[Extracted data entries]
──────────────────────────────
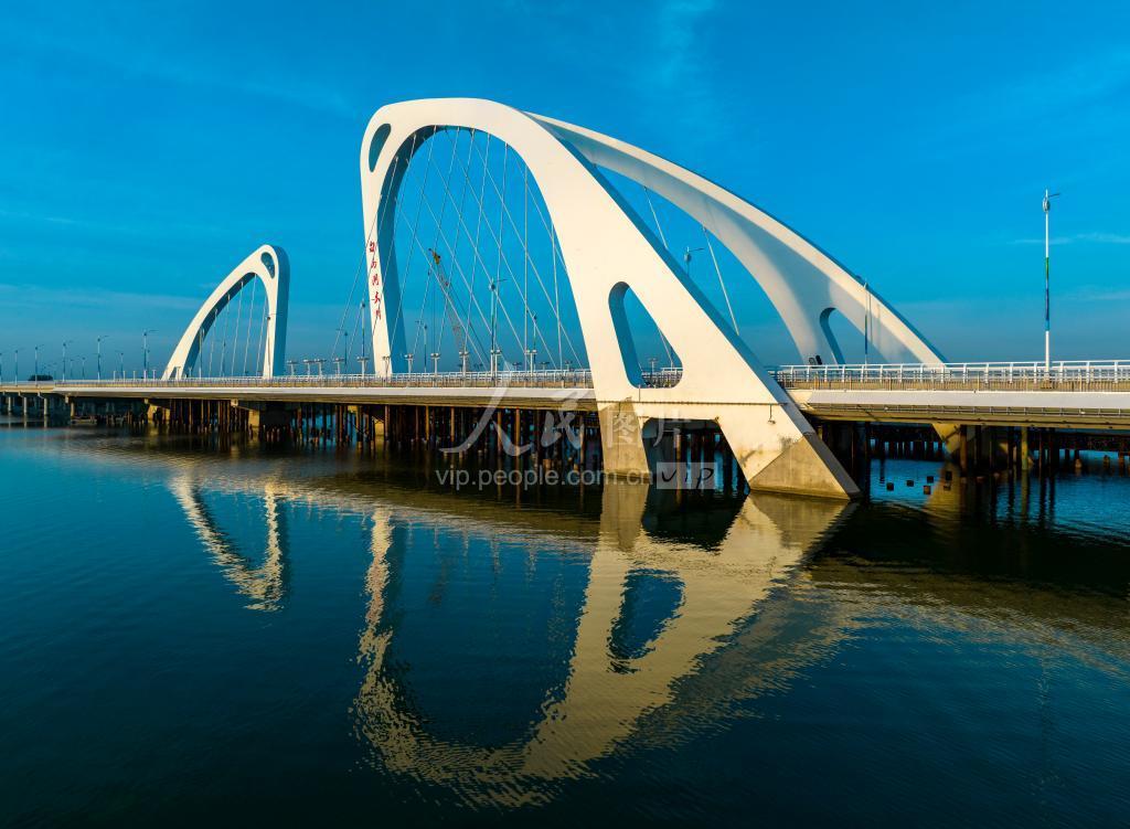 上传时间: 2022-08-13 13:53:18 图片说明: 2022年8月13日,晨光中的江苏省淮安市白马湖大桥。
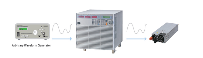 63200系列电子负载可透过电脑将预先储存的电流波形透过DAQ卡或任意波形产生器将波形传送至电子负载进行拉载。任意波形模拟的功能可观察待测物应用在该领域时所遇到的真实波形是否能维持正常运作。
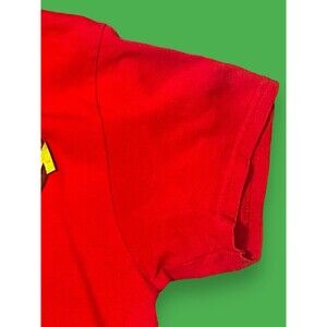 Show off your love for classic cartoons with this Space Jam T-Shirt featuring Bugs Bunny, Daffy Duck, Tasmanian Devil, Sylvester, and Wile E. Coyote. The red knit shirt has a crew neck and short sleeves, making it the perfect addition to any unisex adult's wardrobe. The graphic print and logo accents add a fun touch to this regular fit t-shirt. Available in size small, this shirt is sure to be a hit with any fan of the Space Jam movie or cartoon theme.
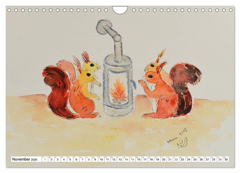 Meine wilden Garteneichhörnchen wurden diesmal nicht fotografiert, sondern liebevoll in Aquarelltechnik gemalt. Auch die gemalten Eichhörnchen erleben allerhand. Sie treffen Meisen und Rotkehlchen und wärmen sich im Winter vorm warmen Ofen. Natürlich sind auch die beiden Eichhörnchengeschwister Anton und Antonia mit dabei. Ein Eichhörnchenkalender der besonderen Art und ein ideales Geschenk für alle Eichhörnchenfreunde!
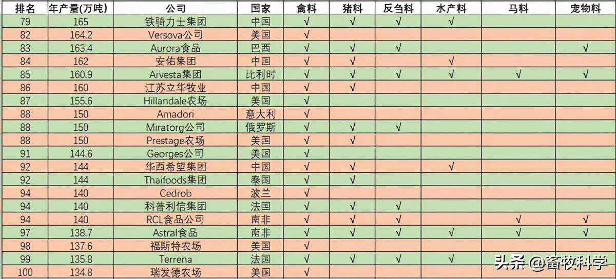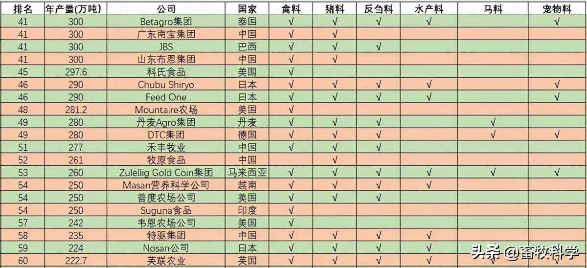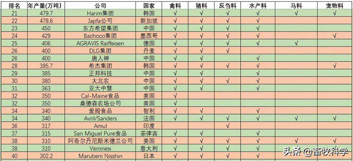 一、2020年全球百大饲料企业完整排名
──────────────────────────────
The answer must consist solely of the lines from the first line of the records through the line containing "63200系列电子负载可透过", reproduced exactly and without the pictures.

 上传时间: 2022-08-13 13:53:18 图片说明: 2022年8月13日,晨光中的江苏省淮安市白马湖大桥。
 63200系列电子负载可透过电脑将预先储存的电流波形透过DAQ卡或任意波形产生器将波形传送至电子负载进行拉载。任意波形模拟的功能可观察待测物应用在该领域时所遇到的真实波形是否能维持正常运作。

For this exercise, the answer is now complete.